In the fraught history of Chinese currency policy, a new chapter could be looming this year as authorities consider the consequences of a yuan that’s testing its strongest levels since mid-2015.
After successfully shutting off potentially destabilising capital outflows and putting a floor under the yuan, policymakers may now have the luxury of looking at relaxing some of the strictures on domestic money. But China watchers warn that any moves are likely to be gradual and calibrated, given the turmoil of 2015 – when a sliding yuan spooked global markets.
“Big changes in the capital account are less likely, but some slight easing can be expected,” said Xia Le, chief Asia economist at Banco Bilbao Vizcaya Argentaria SA in Hong Kong. Policymakers have put a priority on deleveraging, “which is likely to cause instability,” he said - all the more reason to go cautiously on cross-border flows.
The yuan has strengthened 2.6% this year, after posting its first annual gain in four years in 2017.
While no officials have clearly signalled an intent to relax controls, recent comments and moves hint at the potential for modification of the one-way capital account opening that China has been pursuing since 2016 – in which it has encouraged inflows but not outflows.
The State Administration of Foreign Exchange, which oversees foreign-exchange reserves, said last week it sees more balanced capital flows.
Pan Gongsheng, the director of SAFE, said last week that there will be a “neutral” policy in managing cross-border transactions.
In a free trade zone in Shenzhen, near Hong Kong, officials have revived a programme allowing for overseas investment that was suspended in 2015. Authorities in January removed a “counter-cyclical” factor from the daily fixing of the yuan, a move seen to let the market take more of a role.
Any return to the sustained appreciation the yuan saw over the decade to 2015 could hurt Chinese exporters’ profits – just as big companies face challenges from the leadership’s drive to reduce excess credit and cut back polluting industries. Yet the disorderly moves that followed 2015 efforts to promote international use of the yuan serve as a warning against any sudden lifting of barriers to capital outflows.

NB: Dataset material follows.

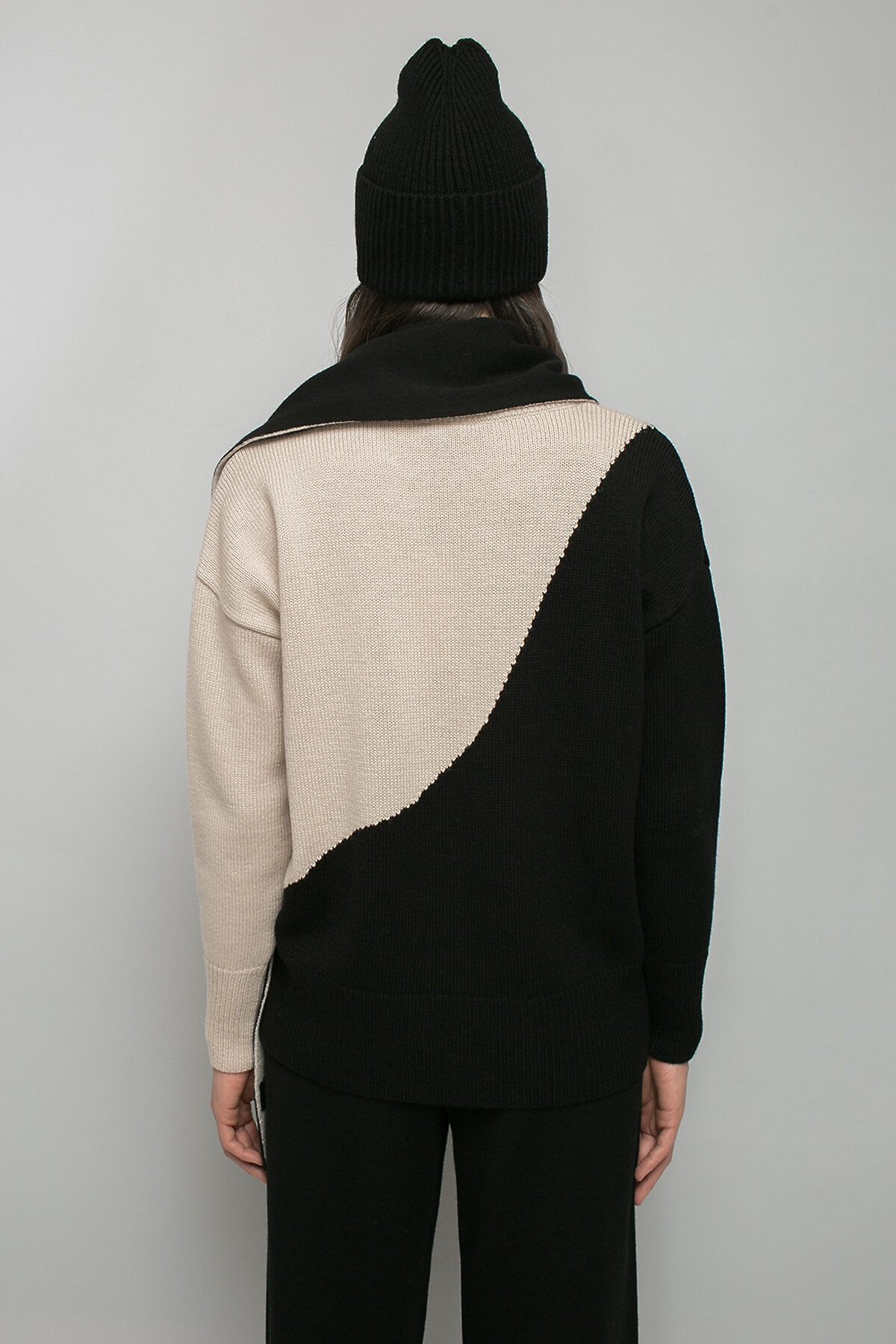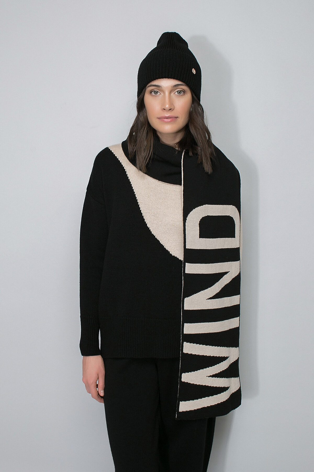 Двусторонний шарф из полушерсти с вывязанным рисунком в виде надписи WIND. Длина - 200 см, ширина - 40 см. Связан гладью. Украшен фирменной этикеткой на внутренней стороне.
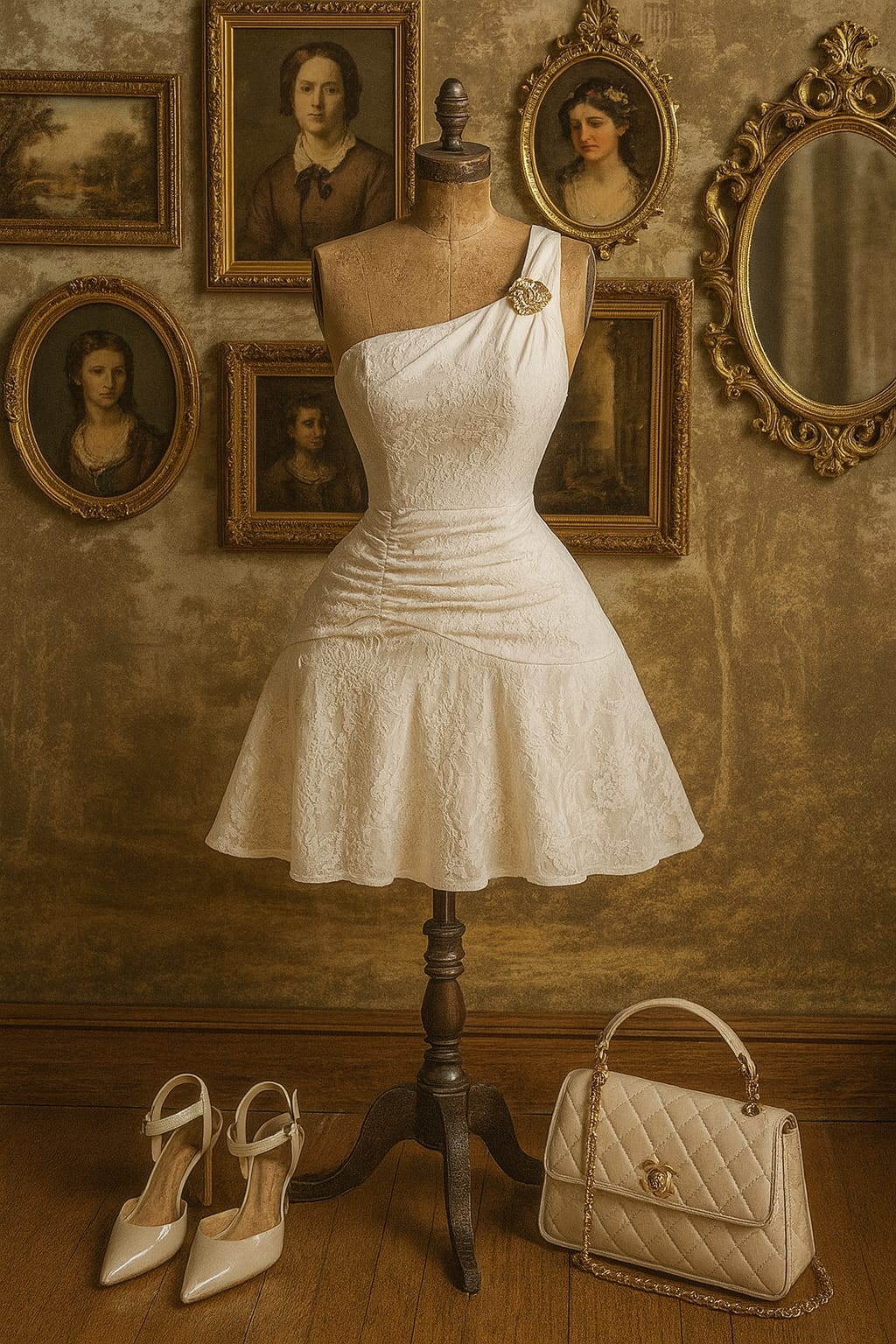 Zarafetin sembolü olan Camélia Dorée, altın kamelya broş detayı ve tek omuzlu siluetiyle adeta romantik bir tabloyu andırıyor. Yüksek bel kesimi, bedeni kusursuz şekilde sararken; kısa A kesim eteğiyle hem vintage hem de modern bir görünüm sunuyor.

“A degree of undershooting” in the dollar against the yuan “is probably necessary to provide reformists in China’s policy circle a window of opportunity to lobby for more capital account liberalisation,” analysts led by David Bloom, global head of currency strategy at HSBC Holdings Plc in London, wrote in a recent report.
Authorities in recent weeks have reinforced the stance that they won’t allow an unbridled export of domestic funds – publishing this month a list of sectors that its companies will be restricted from investing in abroad. Officials also emphasised that they will continue to crack down on improper trade invoices, which have been used to squirrel money abroad.
But allowing greater outflows in officially sanctioned channels, such as investing money with authorised foreign asset managers, could help bolster two-way capital flows that restrain gains in the yuan. Such moves could also ease any concerns among foreign investors and financial institutions looking at entering the Chinese market about their ability to withdraw funds from the country.
“What they’ve been doing in the last two years is to encourage inflows, but restrict outflows in order to defend the currency,” said Shen Jianguang, chief Asia economist at Mizuho Securities Asia Ltd in Hong Kong. “But now the situation has reversed, so they can allow more capital outflows while keeping inflows more liberal.”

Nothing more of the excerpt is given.